First of all, signing a four-year-old up for a nine-month committment is akin to asking her to do this forever. I mean, five minutes is a long time in S's world. Secondly, how on earth can I justify that kind of $$$ when she may hate it - correction - she may not like it after a week? Yes, I could sign her up through parks and rec for a "ballet" class, but the purist in me needs the big mirrored wall with the barre and the little girls in their pink leotards (side note: A was VERY upset to learn that boys don't - usually - wear tutus). Maybe start there and if she likes it suck it up for the big leagues? Or keep my fingers crossed that she falls in love with tennis (starting Friday).

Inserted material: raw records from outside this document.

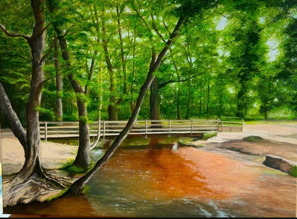Puttles Bridge, Brockenhurst is an original oil painting I created, inspired by the peaceful woodland paths of the New Forest. I wanted to capture the gentle flow of the stream, the reflections on the water, and the way the trees lean in as if protecting a quiet moment of stillness. With textured brushwork and natural, earthy tones, I aimed to create a sense of calm and connection to the landscape—an invitation to pause and breathe in the quiet magic of the woods.
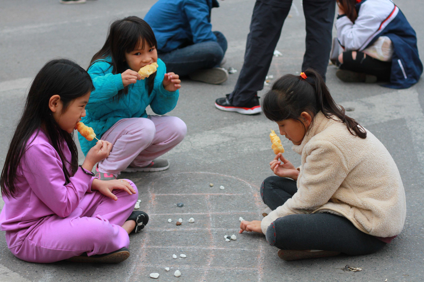 Em Hoàng Anh, 9 tuổi (bên phải) say mê trong lần đầu thử sức với trò ô ăn quan. Em vui mừng khoe lên đây chơi đã quen được bạn mới.
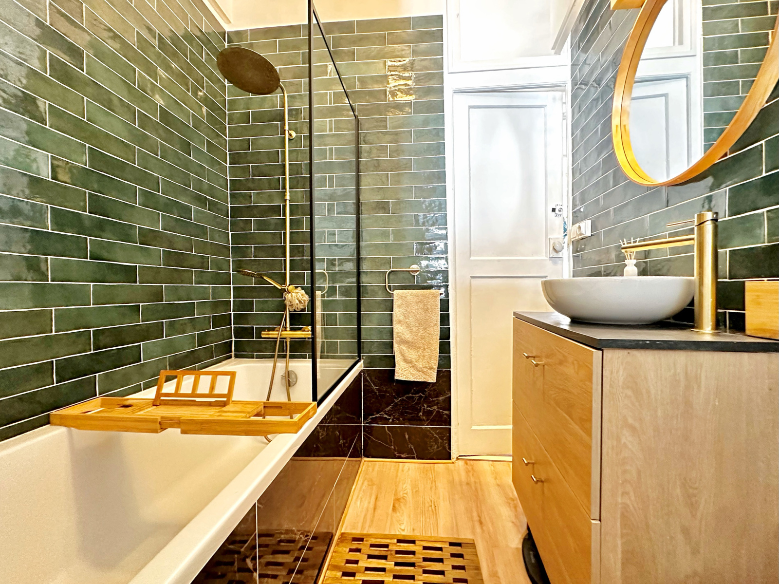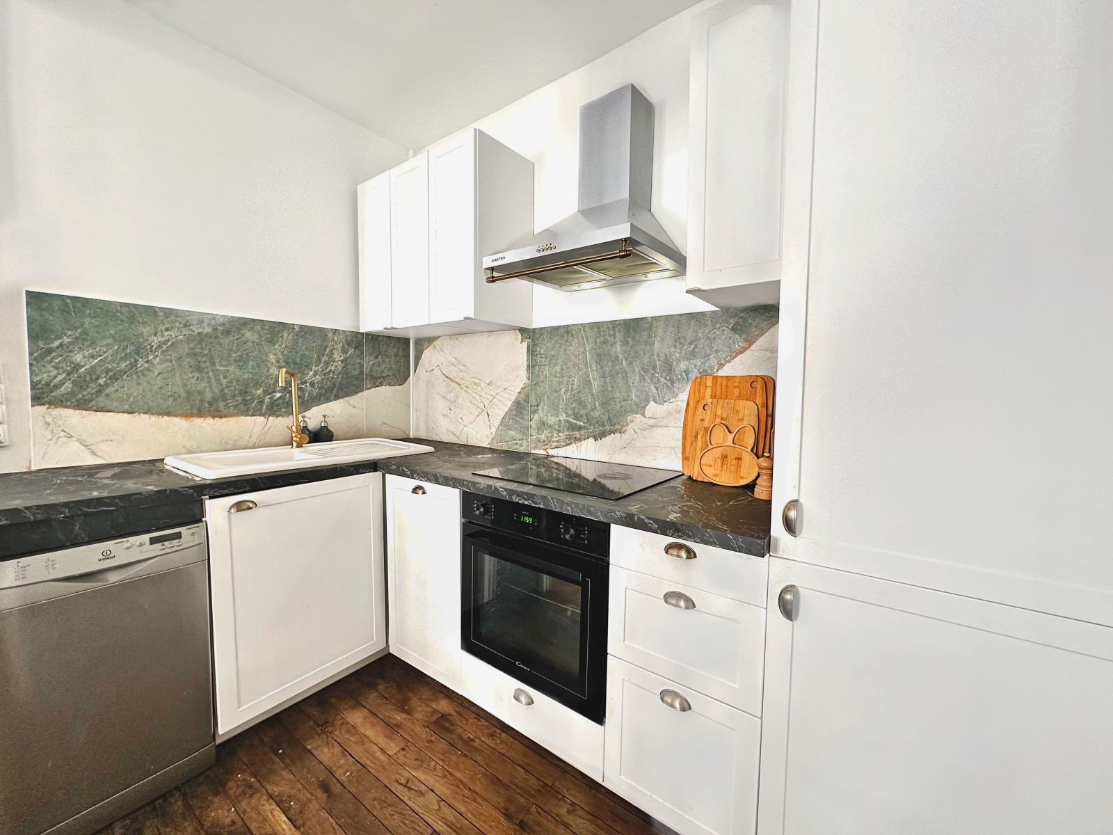 Cet appartement de charme a été entièrement rénové avec soin, offrant ainsi un mariage harmonieux entre authenticité et modernité. Dès l'entrée, le cachet de l'ancien se révèle à travers ses grands placards, ses moulures, ses cheminées et son parquet massif. La partie jour se compose d'un séjour lumineux accompagné d'une cuisine ouverte entièrement équipée, créant ainsi un espace convivial idéal pour partager des moments de détente et de convivialité en famille ou entre amis.

Basically, how do you know 1) when your child is ready to start a new activity 2) how many to have going at once 3) when/if to let them stop once they've started (not in general, but in the middle of a series of classes/lessons)? I was the kid who had a very short attention span and liked this for a week and then that the next week - and got to stop when I didn't like it. In retrospect, that probably wasn't a great life lesson - when you grow up there are plenty of things you have to follow through on whether or not you want to do them. Not that the lessons you learn when you're in preschool stick with you throughout life, but I tend to think that unless it's causing some sort of real harm to a child, making him/her see through a (reasonable) committment to something is a good lesson to teach, no matter the age.
Anyone out there with ideas/experience with this?